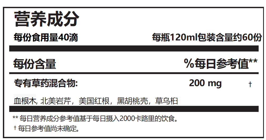 成人起始剂量,第 1-3 天,早上在 1-3 盎司水中滴 3-5 滴,晚上再次重复。第4天及以后,每隔一天增加 3-5 滴,早晚剂量。
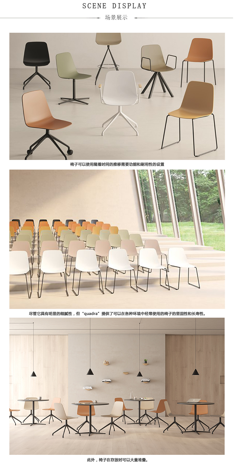 这种新的椅子的版本保持菱形的座椅是自2012年以来在该系列中看到的Maarten系列的特征。增加的功能包括各种基座(四条腿,雪橇,旋转,金字塔,轮式......),并且可以选择堆叠其中一些,非常好共享空间的附加价值。随着Maarten Plastic的加入,VíctorCarrasco通过设计领域加强了他的发展轨迹,创造了既舒适又实惠的标志性,永恒的和地中海风格的设计。耐用的设施,但在家中欢迎。
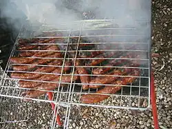 Meat is considered to be one of the most important ingredients of "masculine" food, since meat conveys the meaning of "sexuality and virility".[34] Thus, if masculinity is related to meat, a mostly vegetarian diet is inevitably interpreted as feminine. Not only the consumption of meat, but also the various ways in which it is cooked, are associated with a specific idea of masculinity. For instance, barbecued meat and its consumption have always been seen as a rather masculine activity.[34] There is a growing literature demonstrating how types of unhealthy food are interpreted to be masculine because of the presence of cultural stereotypes according to which women tend to eat a healthier diet than men.[35]
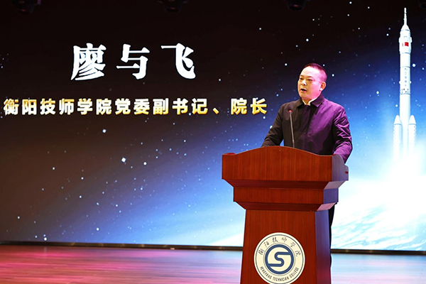 “心懷感恩,愿與衡陽技師學(xué)院共敘情誼;希望同學(xué)們珍惜機(jī)遇,傳承匠心;期待與大家攜手同行,共筑未來?!焙翁飩フf道。
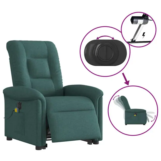 vidaXL Električni masažni naslanjač s funkcijo vstajanja temno zelen
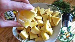 • Картофель, перемешивая, сбрызгиваем лимонным соком (если крупный лимон, то 1/4 лимона, если небольшой, то 1/3).
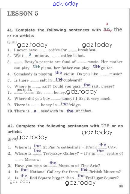 На страницах сайта gdz.today вы найдете учебный и вспомогательный материал, направленный на улучшения знаний школьной программы. ГДЗ - онлайн мир знаний Lesson 5 Решение к части 1 стр. 33 Сборнику упражнений по Английскому языку для 5 класса Барашкова Экзамен УМК 2020
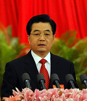 | 國家主席胡錦濤發(fā)表重要講話。新華社記者 馬占成
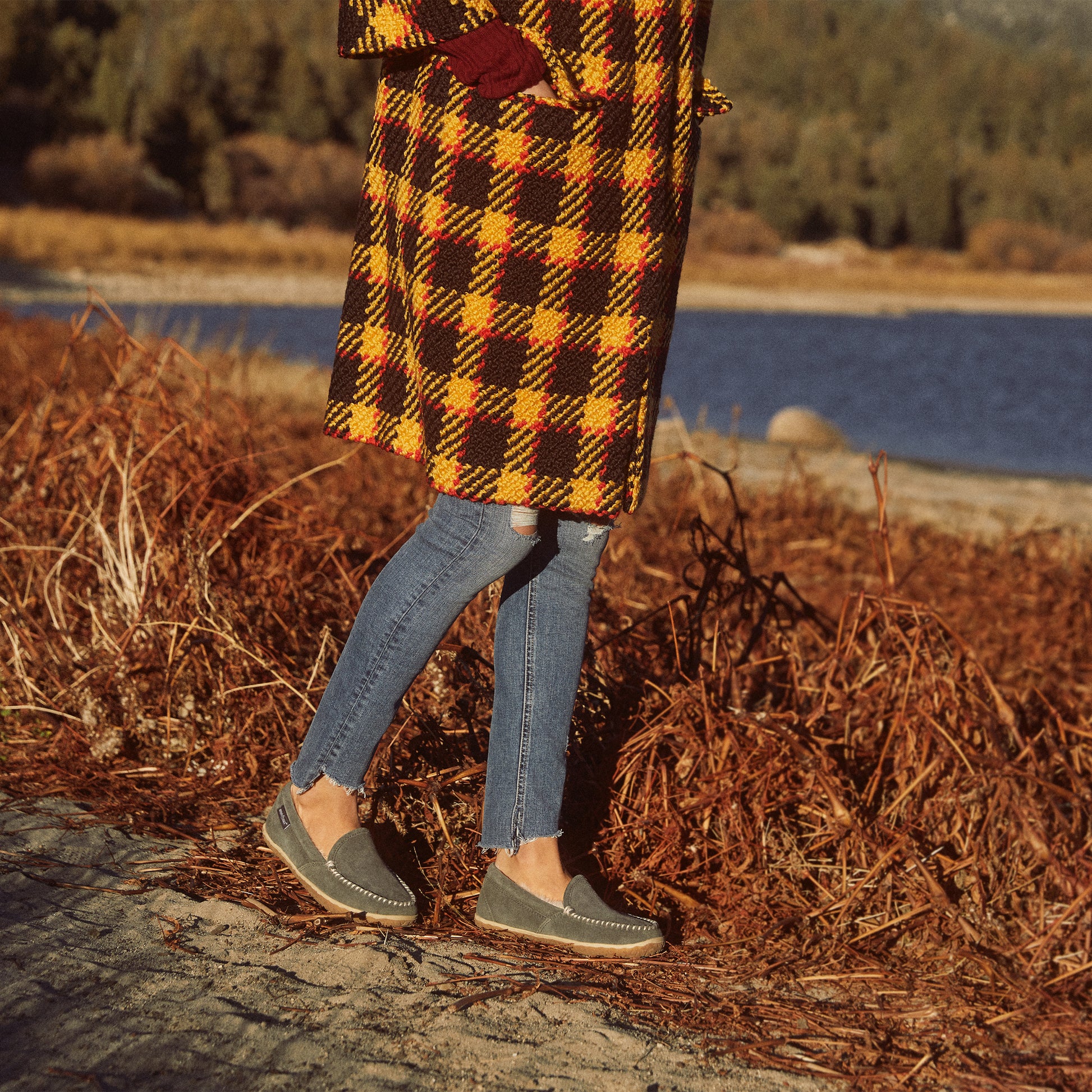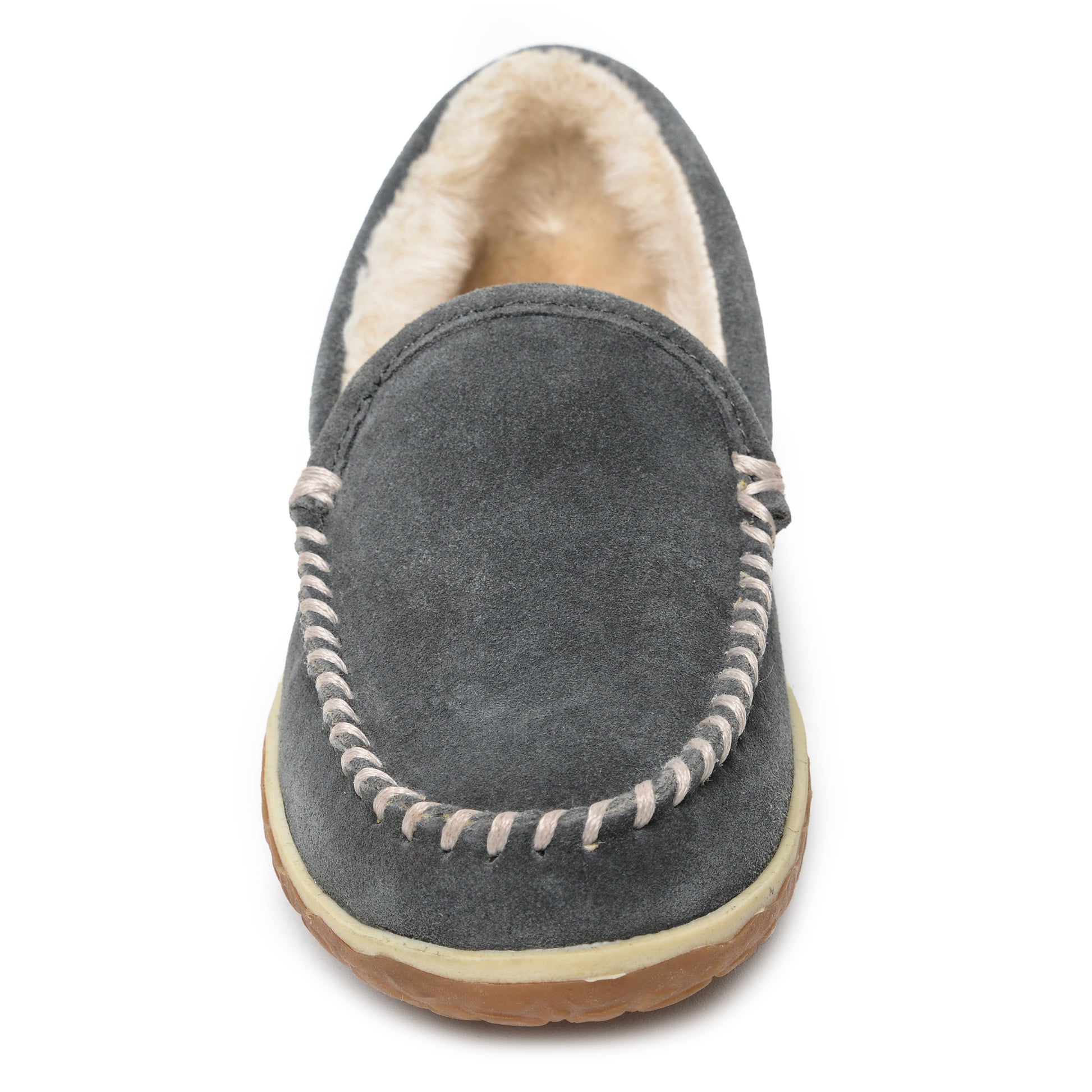 ふわふわのボアが足全体を包み込む、あたたかさ抜群のモカシンスリッパ。
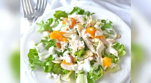 Pica dos manzanas, dos tazas de apio, un trozo de piña, durazno en cuadraditos, pimentón y mézclalos con dos tazas de uva y 1/2 taza de pecanas. En un bol aparte mezcla el juego de un limón con ½ litro de yogur natural y vierte este aliño sobre la ensalada. Cómelo al instante.
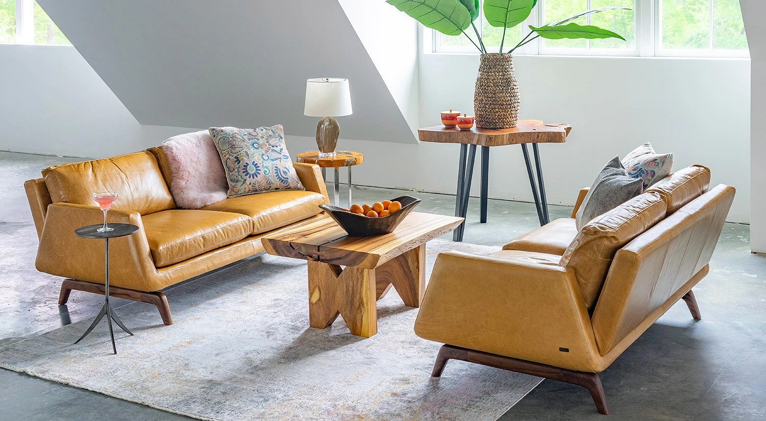 The Nash sofa effortlessly blends comfort with modern, clean lines. The interesting angles on these stunning natural walnut legs are the perfect perch for a fabric or leather sofa.
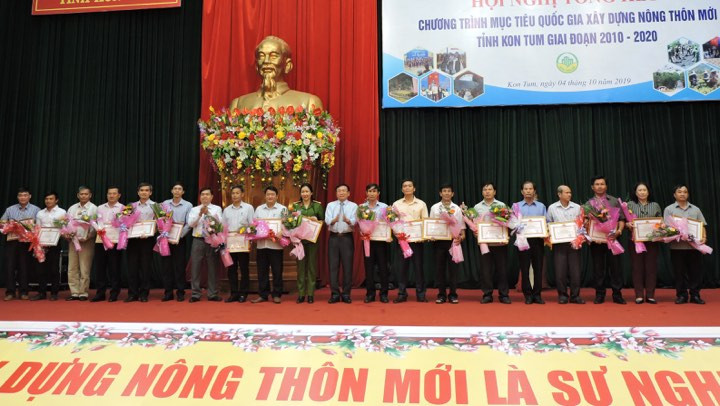 Tại Hội nghị Chủ tịch UBND tỉnh Kon Tum đã tặng Bằng khen cho 18 tập thể và 23 cá nhân có thành tích xuất sắc trong Phong trào thi đua “Kon Tum chung sức xây dựng NTM” giai đoạn 2010 – 2020. Bên lề Hội nghị, Ban chỉ đạo chương trình mục tiêu Quốc gia xây dựng NTM tỉnh đã tổ chức các gian hàng trưng bày, giới thiệu sản phẩm nông nghiệp đặc trưng của 10 huyện, thành phố.

·····

### WORK TO BE COMPLETED
Print the records above word for word, omitting any picture they contain.

### ANSWER TO THIS EXERCISE
 成人起始剂量,第 1-3 天,早上在 1-3 盎司水中滴 3-5 滴,晚上再次重复。第4天及以后,每隔一天增加 3-5 滴,早晚剂量。
 这种新的椅子的版本保持菱形的座椅是自2012年以来在该系列中看到的Maarten系列的特征。增加的功能包括各种基座(四条腿,雪橇,旋转,金字塔,轮式......),并且可以选择堆叠其中一些,非常好共享空间的附加价值。随着Maarten Plastic的加入,VíctorCarrasco通过设计领域加强了他的发展轨迹,创造了既舒适又实惠的标志性,永恒的和地中海风格的设计。耐用的设施,但在家中欢迎。
 Meat is considered to be one of the most important ingredients of "masculine" food, since meat conveys the meaning of "sexuality and virility".[34] Thus, if masculinity is related to meat, a mostly vegetarian diet is inevitably interpreted as feminine. Not only the consumption of meat, but also the various ways in which it is cooked, are associated with a specific idea of masculinity. For instance, barbecued meat and its consumption have always been seen as a rather masculine activity.[34] There is a growing literature demonstrating how types of unhealthy food are interpreted to be masculine because of the presence of cultural stereotypes according to which women tend to eat a healthier diet than men.[35]
 “心懷感恩,愿與衡陽技師學(xué)院共敘情誼;希望同學(xué)們珍惜機(jī)遇,傳承匠心;期待與大家攜手同行,共筑未來?!焙翁飩フf道。
 vidaXL Električni masažni naslanjač s funkcijo vstajanja temno zelen
 • Картофель, перемешивая, сбрызгиваем лимонным соком (если крупный лимон, то 1/4 лимона, если небольшой, то 1/3).
 На страницах сайта gdz.today вы найдете учебный и вспомогательный материал, направленный на улучшения знаний школьной программы. ГДЗ - онлайн мир знаний Lesson 5 Решение к части 1 стр. 33 Сборнику упражнений по Английскому языку для 5 класса Барашкова Экзамен УМК 2020
 | 國家主席胡錦濤發(fā)表重要講話。新華社記者 馬占成
 ふわふわのボアが足全体を包み込む、あたたかさ抜群のモカシンスリッパ。
 Pica dos manzanas, dos tazas de apio, un trozo de piña, durazno en cuadraditos, pimentón y mézclalos con dos tazas de uva y 1/2 taza de pecanas. En un bol aparte mezcla el juego de un limón con ½ litro de yogur natural y vierte este aliño sobre la ensalada. Cómelo al instante.
 The Nash sofa effortlessly blends comfort with modern, clean lines. The interesting angles on these stunning natural walnut legs are the perfect perch for a fabric or leather sofa.
 Tại Hội nghị Chủ tịch UBND tỉnh Kon Tum đã tặng Bằng khen cho 18 tập thể và 23 cá nhân có thành tích xuất sắc trong Phong trào thi đua “Kon Tum chung sức xây dựng NTM” giai đoạn 2010 – 2020. Bên lề Hội nghị, Ban chỉ đạo chương trình mục tiêu Quốc gia xây dựng NTM tỉnh đã tổ chức các gian hàng trưng bày, giới thiệu sản phẩm nông nghiệp đặc trưng của 10 huyện, thành phố.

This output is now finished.